How left-leaning are lawyers?

Adam Bonica, Adam S. Chilton, and Maya Sen have an extensive new paper (pdf) on this subject:

American lawyers lean to the left of the ideological spectrum. To help place this in context, the mean DIME score among the attorney population is -0.31 compared to -0.05 for the entire population of donors. Moreover, some 62% of the sample of attorneys are positioned to the left of the midpoint between the party means for members of Congress. Morover, the modal CFscore is in the center-left. This places the average American lawyer’s ideology close to the ideology of Bill Clinton. To be more precise, the modal CFscore for American lawyers is -0.52 and Bill Clinton’s CFscore is -0.68. This confirms prior scholarship and journalism that has argued that the legal profession is liberal on balance. To our knowledge, however, this figure represents the most comprehensive picture of the ideology of American lawyers ever assembled.
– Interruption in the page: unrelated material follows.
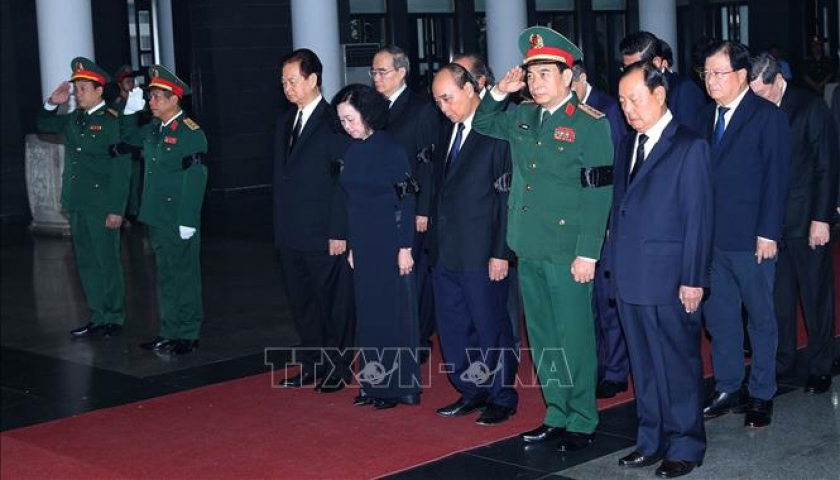 Đoàn đại biểu Ban Chấp hành Trung ương Đảng do Ủy viên Bộ Chính trị, Thường trực Ban Bí thư, Trưởng ban Tổ chức Trung ương Trương Thị Mai dẫn đầu vào viếng và chia buồn cùng gia quyến. Nguyên Chủ tịch nước Nguyễn Xuân Phúc, nguyên Thủ tướng Nguyễn Tấn Dũng... tham gia đoàn viếng.

There is however a (quite slight) bimodal nature to the distribution and a cluster of right-leaning attorneys has views similar to those of Mitt Romney.  Not so many lawyers are true extremists, at least not in this data set.  Figure 2 on p.19 will not reproduce for me but it is an excellent picture of the data, including comparisons with other professions.

We learn also that female attorneys are considerably more liberal than male attorneys, but the number of years of work predicts a conservative pull.  Being a law firm partner also predicts views which are more conservative than average.  If you consider “Big Law” attorneys, while they are overall to the Left, they are more conservative on average than the cities they live in, such as NYC or Los Angeles.  Lawyers in Washington, D.C. are especially left-leaning.

The top fourteen law schools all have distributions which lean to the Left (pp.28-29), and UC Berkeley has the most left-leaning alumni.  The five law schools, of the fifty surveyed, with right-leaning alumni are University of Oklahoma, Texas A&M University, University of Georgia, Louisiana State University, and Brigham Young University.  Pages 38-40 of the paper rank different major law firms by how left- or right-leaning their employees are.

Oil and gas, M&A, and energy lawyers are relatively conservative, see p.45.  Entertainment lawyers are relatively left-leaning, same for civil rights and personal injury lawyers.  Don’t even ask about law professors.  Public defenders are far more left-leaning than prosecutors, though prosecutors are still more left-leaning than lawyers as a whole.

This paper is interesting throughout.